Legacy Encodings & Code Pages (EBCDIC, ISO-8859, CP1252)
Legacy Encodings & Code Pages (EBCDIC, ISO-8859, CP1252)
ASCII was revolutionary but limited to English. As computing spread internationally, new encodings extended ASCII to support more characters. This page explains these historical encodings, how they evolved, and why Unicode replaced them.
The problem with ASCII
ASCII uses 7 bits per character, giving only 128 symbols.

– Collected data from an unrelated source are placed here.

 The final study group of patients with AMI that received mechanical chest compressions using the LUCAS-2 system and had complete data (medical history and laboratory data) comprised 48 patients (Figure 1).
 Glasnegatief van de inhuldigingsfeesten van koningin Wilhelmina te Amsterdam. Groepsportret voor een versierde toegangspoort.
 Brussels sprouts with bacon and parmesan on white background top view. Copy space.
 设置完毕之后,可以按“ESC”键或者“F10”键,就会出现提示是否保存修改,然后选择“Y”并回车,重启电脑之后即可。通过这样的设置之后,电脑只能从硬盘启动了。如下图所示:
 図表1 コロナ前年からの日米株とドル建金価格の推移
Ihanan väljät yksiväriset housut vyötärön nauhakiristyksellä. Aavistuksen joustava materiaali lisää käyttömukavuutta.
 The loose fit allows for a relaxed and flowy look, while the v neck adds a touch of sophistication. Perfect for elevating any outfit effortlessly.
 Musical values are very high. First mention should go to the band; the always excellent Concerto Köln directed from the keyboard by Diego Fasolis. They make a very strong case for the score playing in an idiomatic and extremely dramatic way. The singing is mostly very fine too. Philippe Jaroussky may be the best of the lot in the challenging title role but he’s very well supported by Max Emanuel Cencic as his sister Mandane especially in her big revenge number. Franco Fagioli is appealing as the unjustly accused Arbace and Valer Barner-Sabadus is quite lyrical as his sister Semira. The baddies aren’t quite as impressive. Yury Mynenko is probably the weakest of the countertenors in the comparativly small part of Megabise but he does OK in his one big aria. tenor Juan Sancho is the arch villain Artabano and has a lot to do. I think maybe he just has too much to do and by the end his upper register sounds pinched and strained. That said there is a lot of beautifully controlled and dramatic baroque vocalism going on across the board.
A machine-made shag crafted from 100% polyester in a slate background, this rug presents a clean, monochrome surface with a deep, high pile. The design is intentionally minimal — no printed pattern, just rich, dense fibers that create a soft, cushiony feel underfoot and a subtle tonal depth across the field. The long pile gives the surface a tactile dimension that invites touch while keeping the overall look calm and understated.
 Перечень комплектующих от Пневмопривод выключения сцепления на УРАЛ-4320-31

This excludes letters with accents (é, ä, ñ), non-Latin alphabets (Cyrillic, Greek, Hebrew), and scripts like Arabic or Thai.
When 8-bit bytes became standard, the extra bit was used to add 128 new symbols (128–255). Unfortunately, there was no single global standard — every region and vendor created its own **code page**.
EBCDIC
- EBCDIC (Extended Binary Coded Decimal Interchange Code)** was developed by IBM in 1963.
It was primarily used on IBM mainframes and punched cards.
- 8-bit encoding, unrelated to ASCII
- Designed to minimize long runs of punched holes
- Not compatible with ASCII — letter codes differ completely
- Still occasionally found in legacy financial and government systems
Example (partial comparison):
| Character | ASCII (decimal) | EBCDIC (decimal) |
|---|---|---|
| A | 65 | 193 |
| B | 66 | 194 |
| a | 97 | 129 |
| 0 | 48 | 240 |
EBCDIC’s incompatibility made text exchange difficult between IBM systems and others.
ISO-8859 series (Latin-1 and friends)
To address regional diversity, ISO standardized several 8-bit extensions to ASCII. Each supported specific language groups.
- Positions 0–127 identical to ASCII
- Positions 128–255 defined for regional characters
Common variants:
Code Page | Alias | Region / Languages
| ------ | -----------------
ISO-8859-1 | Latin-1 | Western Europe (English, French, German, Spanish) ISO-8859-2 | Latin-2 | Central/Eastern Europe (Czech, Polish, Hungarian) ISO-8859-3 | Latin-3 | Southern Europe (Turkish, Maltese, Esperanto) ISO-8859-4 | Latin-4 | Northern Europe (Estonian, Latvian, Lithuanian) ISO-8859-5 | Cyrillic | Russian, Bulgarian, Serbian ISO-8859-7 | Greek | Greek alphabet ISO-8859-8 | Hebrew | Hebrew script ISO-8859-11 | Thai | Thai alphabet
Windows Code Pages (CP125x)
Microsoft extended the ISO series with its own encodings called **Windows Code Pages**. The most common was **CP1252 (Windows Latin-1)**, which added extra characters such as typographic quotes and the Euro symbol.
Differences:
- ISO-8859-1 leaves positions 128–159 unused (reserved for control codes)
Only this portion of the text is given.